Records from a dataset
-*-*-
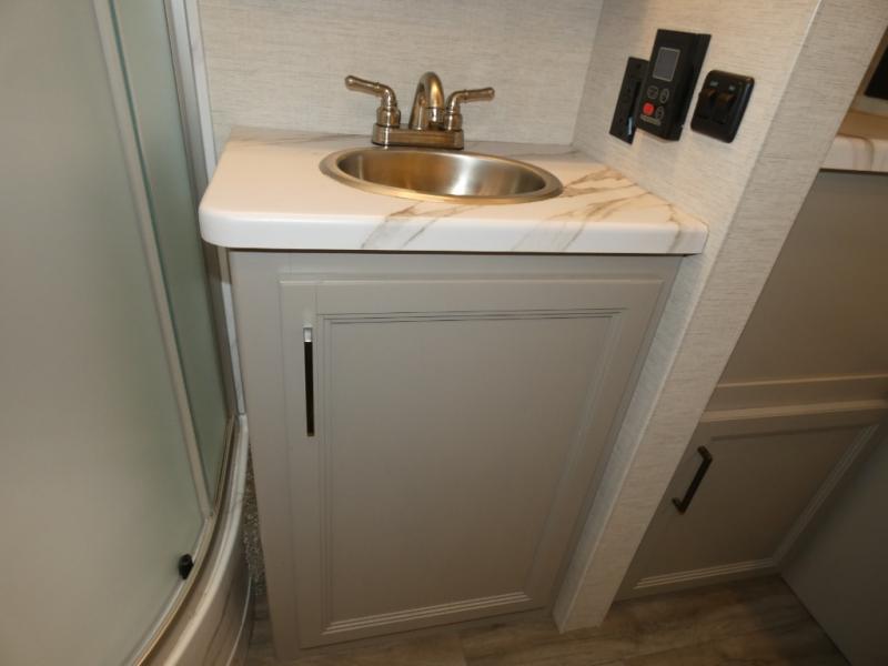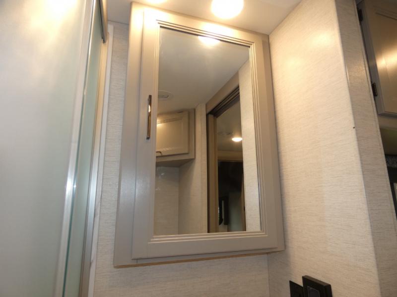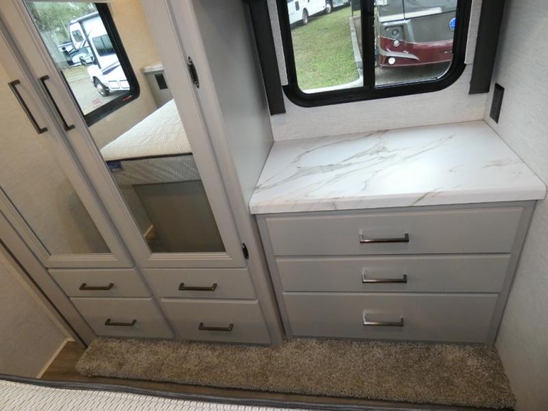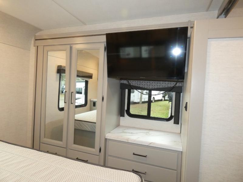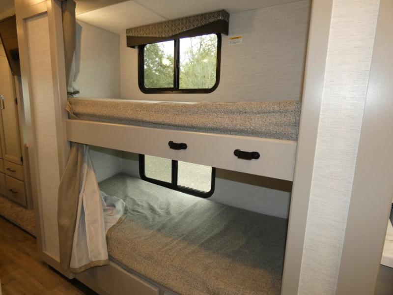 Oh the fun you will have traveling in this Quantum SE motorhome! Sleeping for at least eight and safe traveling for seven makes this the perfect home-on-wheels! This unit is very similar to it's sister model SE31 but replaces the closet within the full-wall slide with a set of bunk beds perfect for young teens or little ones. The full bathroom also offers double entry making it easily accessible from the rear private bedroom space that can be closed off by a sliding door. You will love the privacy and RV queen-sized bed, plus there will be plenty of closet space for clothing. Up front, you will find more storage in overhead cabinets and the pantry for your dry and canned goods. The full-wall slide also offers much appreciate space for hanging out and dining which includes a 71" Dream Dinette and theater seats.
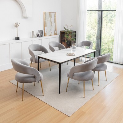 Product Name: Modern GREY Boucle Upholstered Dining Chair Metal Frame Armless chair for Kitchen, Living Room (Set of 6)
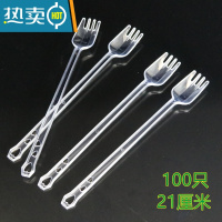 敬平加长 水果叉水果签 水果茶叉勺一体超长叉子加厚奶茶长柄勺 透明独立包装 100只长21厘米
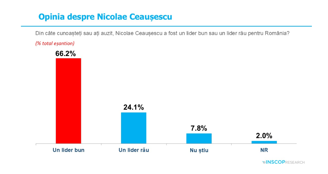 Potrivit studiului, aproximativ două treimi dintre români îl percep pe Nicolae Ceaușescu ca un lider bun pentru România, în timp ce doar 24% îl consideră un lider rău.
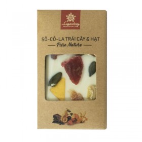 Không như những sô cô la thanh bar, Thanh hạt và Trái cây không chỉ mang hương vị đặc trưng của thanh sô cô la trắng có biến tấu cùng với vị dâu tây ngọt ngào mà còn chứa đựng những hương vị quen thuộc trái cây nhiệt đới ngọt chua tự nhiên. Thanh sô cô la nguồn nguyên liệu từ trái cây khô : xoài, ổi, chuối, mận, đu đủ, trần bì, nam việt quất, vỏ bưởi và hạt bí, hạt điều cùng với sô cô la trắng sẽ tạo nên hương vị đặc biệt.
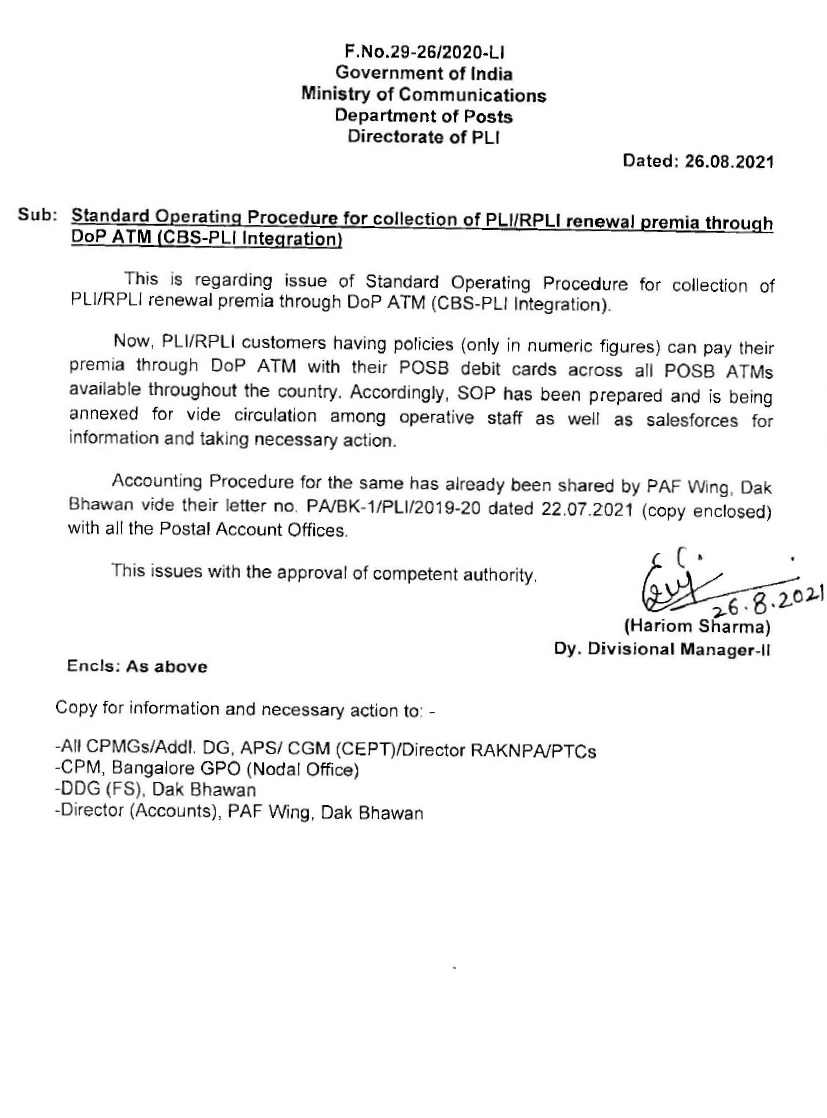 Standard Operating Procedure for collection of PLI / RPLI renewal premia through DoP APM (CBS - PLI) Integration
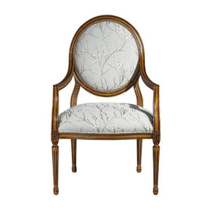A hand carved occasional chair, the moulded edge oval upholstered back with close nailed decoration and downswept arms enclosing an upholstered seat, on a moulded seat rail with flowerhead carved corners, on turned and fluted legs. Inspired by a Louis XVI original.
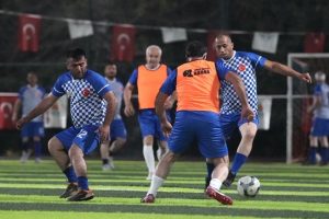 180 muhtarın katıldığı turnuvada ilk müsabakada, Karataş ve Çukurova İlçe muhtarlarının oluşturduğu takımlar karşılaştı.
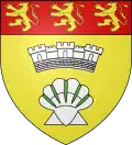 - D’or à la coquille renversée d’argent, les cotes de sinople, surmontée d’une couronne murale de trois tours d’argent, maçonnée de sable ; au chef de gueules chargé de trois lions d’or, qui est de la commune de La Coquille de Dordogne → voir illustration « armoiries avec une couronne murale »
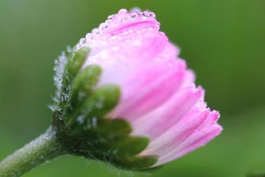 Keywords: pink marguerite petals dew water flower green
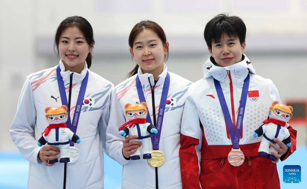 Gold medalist Kim Minsun (C) of South Korea, silver medalist Lee Nahyun (L) of South Korea and bronze medalist Tian Ruining of China pose during the awarding ceremony after the speed skating women's 500m final at the 9th Asian Winter Games in Harbin, northeast China's Heilongjiang Province, Feb. 9, 2025. (Xinhua/Wang Kaiyan)
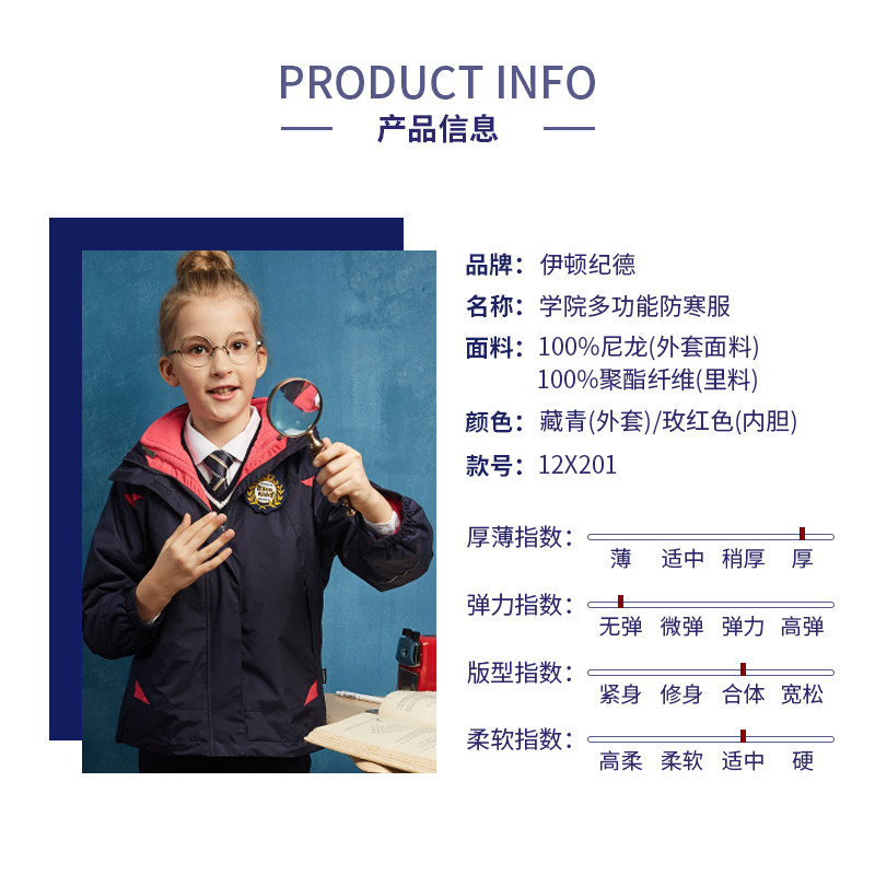 伊顿纪德校服女童外套伊顿儿童防寒服装藏青脱卸保暖外套班服团购
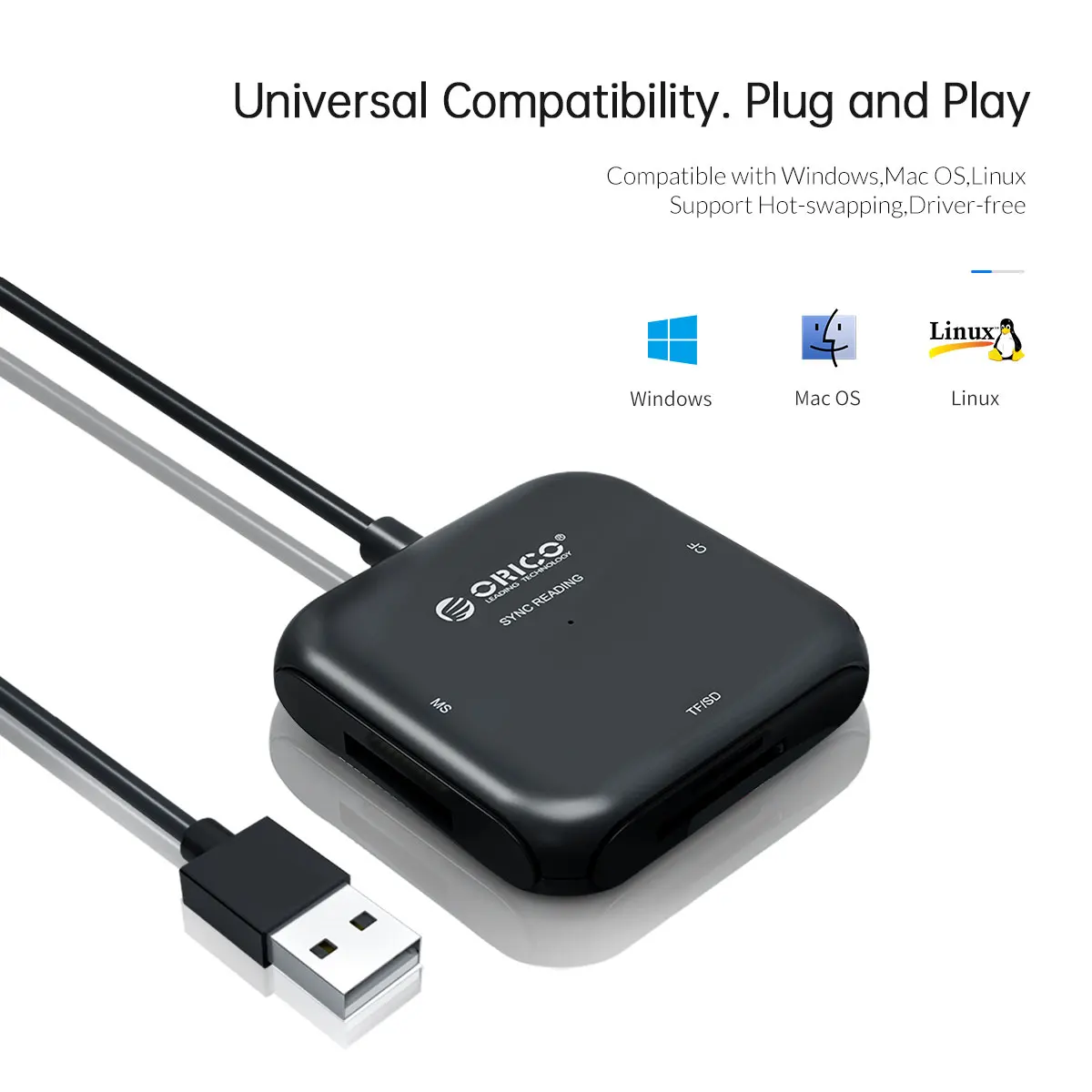 Compatible with Windows, Mac OS, Linux and other systems, suitable for SD / TF / CF / MS and other mainstream memory cards, plug and play, no drivers needed.Hot-swapping supported, no needs of any drivers.
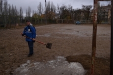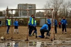 В связи с непогодой МФК «Николаев» перебрался на «песчанку», которая остается пока единственной и незаменимой площадкой для тренировок.
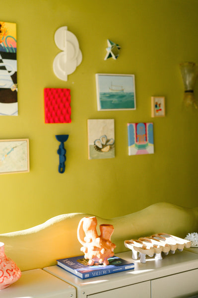 Handmade painted wall sculpture by Copenhagen based Artist Tilde Grynnerup. Grynnerup’s early influences include Mèret Oppenheim and Louise Bourgeois. You can read more about Tilde and her work here.
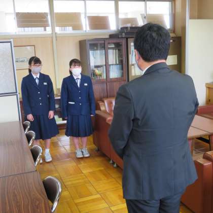 昼休みに校長室で「第7回 全日本ジュニア(U-17)水球競技選手権大会 -かしわざき潮風カップ-」に出場する選手への激励会を行いました。
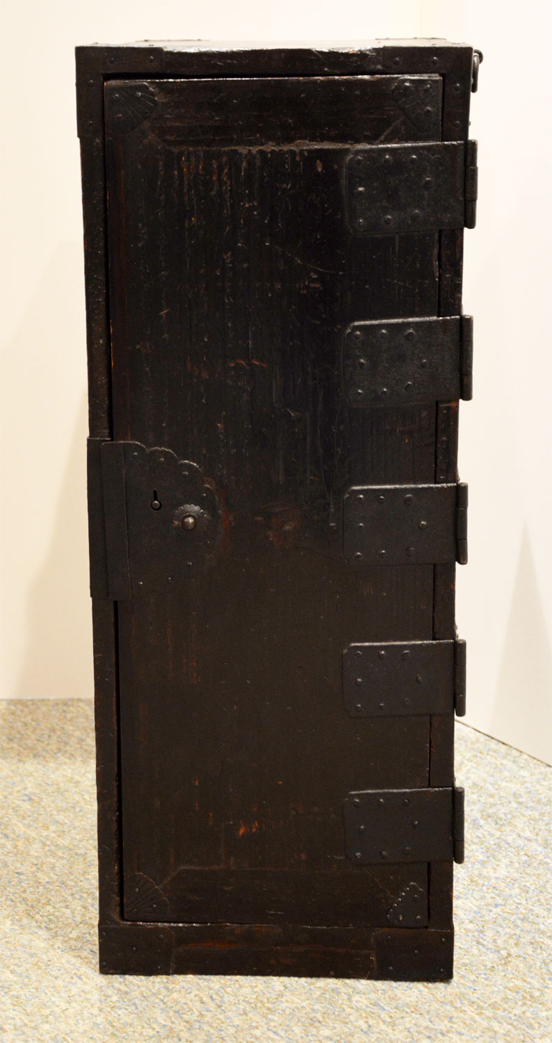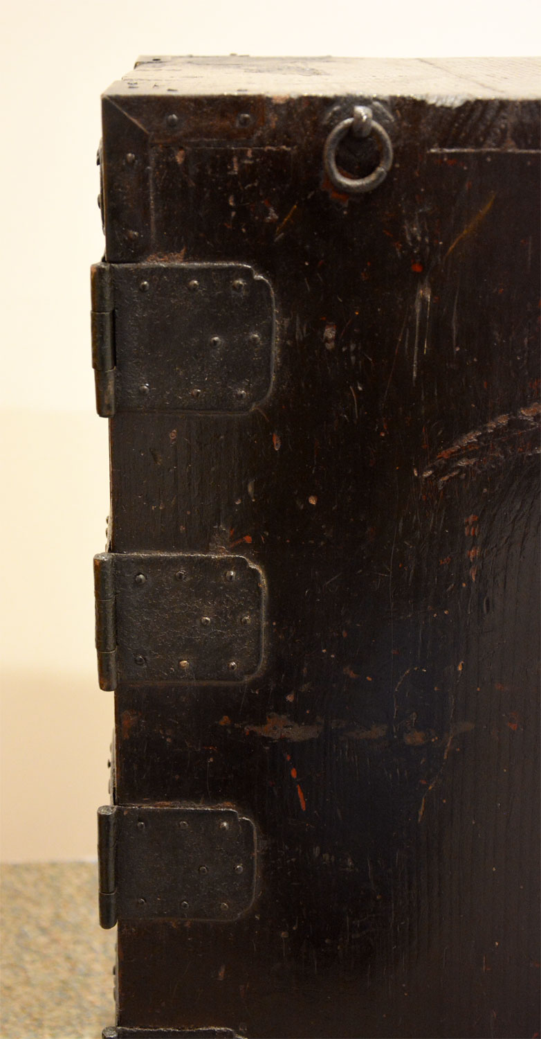 Gyosho bako (peddler’s box). A Gyosho Box is defined by rings on the back of the piece: a peddler would strap the box to their back and travel with their goods. This piece is made of Japanese sugi wood, with iron hardware and ring-shaped handles.
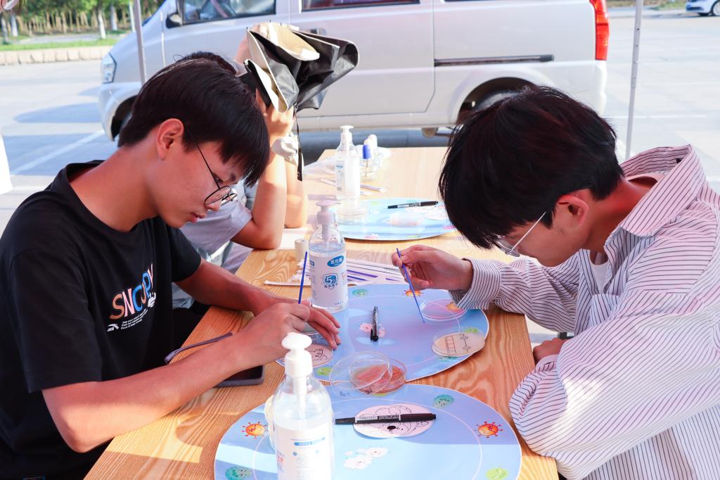 “大家可以在培养皿上印制自己洗手前和洗手后的四指印,等菌落长出就可以看到手上有多少细菌。”运动康复专业2021级的于乐怡被新奇的“玩法”吸引,来到摊位前想一探究竟。在孙小曼的指导下,她完成了“细菌手印”并参与微生物画—团徽的创作中。“团徽是共青团的象征,我想以这种方式致敬建团百年。”她感叹,等待微生物生长的过程奇妙又有趣,原来科学也能如此“浪漫”。
-*-*-
* [Task goal]:
Here the records must be restated exactly, minus any images.

* [Written reply]:
 Oh the fun you will have traveling in this Quantum SE motorhome! Sleeping for at least eight and safe traveling for seven makes this the perfect home-on-wheels! This unit is very similar to it's sister model SE31 but replaces the closet within the full-wall slide with a set of bunk beds perfect for young teens or little ones. The full bathroom also offers double entry making it easily accessible from the rear private bedroom space that can be closed off by a sliding door. You will love the privacy and RV queen-sized bed, plus there will be plenty of closet space for clothing. Up front, you will find more storage in overhead cabinets and the pantry for your dry and canned goods. The full-wall slide also offers much appreciate space for hanging out and dining which includes a 71" Dream Dinette and theater seats.
 Product Name: Modern GREY Boucle Upholstered Dining Chair Metal Frame Armless chair for Kitchen, Living Room (Set of 6)
 敬平加长 水果叉水果签 水果茶叉勺一体超长叉子加厚奶茶长柄勺 透明独立包装 100只长21厘米
 Potrivit studiului, aproximativ două treimi dintre români îl percep pe Nicolae Ceaușescu ca un lider bun pentru România, în timp ce doar 24% îl consideră un lider rău.
 Không như những sô cô la thanh bar, Thanh hạt và Trái cây không chỉ mang hương vị đặc trưng của thanh sô cô la trắng có biến tấu cùng với vị dâu tây ngọt ngào mà còn chứa đựng những hương vị quen thuộc trái cây nhiệt đới ngọt chua tự nhiên. Thanh sô cô la nguồn nguyên liệu từ trái cây khô : xoài, ổi, chuối, mận, đu đủ, trần bì, nam việt quất, vỏ bưởi và hạt bí, hạt điều cùng với sô cô la trắng sẽ tạo nên hương vị đặc biệt.
 Standard Operating Procedure for collection of PLI / RPLI renewal premia through DoP APM (CBS - PLI) Integration
A hand carved occasional chair, the moulded edge oval upholstered back with close nailed decoration and downswept arms enclosing an upholstered seat, on a moulded seat rail with flowerhead carved corners, on turned and fluted legs. Inspired by a Louis XVI original.
 180 muhtarın katıldığı turnuvada ilk müsabakada, Karataş ve Çukurova İlçe muhtarlarının oluşturduğu takımlar karşılaştı.
 - D’or à la coquille renversée d’argent, les cotes de sinople, surmontée d’une couronne murale de trois tours d’argent, maçonnée de sable ; au chef de gueules chargé de trois lions d’or, qui est de la commune de La Coquille de Dordogne → voir illustration « armoiries avec une couronne murale »
 Keywords: pink marguerite petals dew water flower green
 Gold medalist Kim Minsun (C) of South Korea, silver medalist Lee Nahyun (L) of South Korea and bronze medalist Tian Ruining of China pose during the awarding ceremony after the speed skating women's 500m final at the 9th Asian Winter Games in Harbin, northeast China's Heilongjiang Province, Feb. 9, 2025. (Xinhua/Wang Kaiyan)
 伊顿纪德校服女童外套伊顿儿童防寒服装藏青脱卸保暖外套班服团购
 Compatible with Windows, Mac OS, Linux and other systems, suitable for SD / TF / CF / MS and other mainstream memory cards, plug and play, no drivers needed.Hot-swapping supported, no needs of any drivers.
 В связи с непогодой МФК «Николаев» перебрался на «песчанку», которая остается пока единственной и незаменимой площадкой для тренировок.
 Handmade painted wall sculpture by Copenhagen based Artist Tilde Grynnerup. Grynnerup’s early influences include Mèret Oppenheim and Louise Bourgeois. You can read more about Tilde and her work here.
 昼休みに校長室で「第7回 全日本ジュニア(U-17)水球競技選手権大会 -かしわざき潮風カップ-」に出場する選手への激励会を行いました。
 Gyosho bako (peddler’s box). A Gyosho Box is defined by rings on the back of the piece: a peddler would strap the box to their back and travel with their goods. This piece is made of Japanese sugi wood, with iron hardware and ring-shaped handles.
 “大家可以在培养皿上印制自己洗手前和洗手后的四指印,等菌落长出就可以看到手上有多少细菌。”运动康复专业2021级的于乐怡被新奇的“玩法”吸引,来到摊位前想一探究竟。在孙小曼的指导下,她完成了“细菌手印”并参与微生物画—团徽的创作中。“团徽是共青团的象征,我想以这种方式致敬建团百年。”她感叹,等待微生物生长的过程奇妙又有趣,原来科学也能如此“浪漫”。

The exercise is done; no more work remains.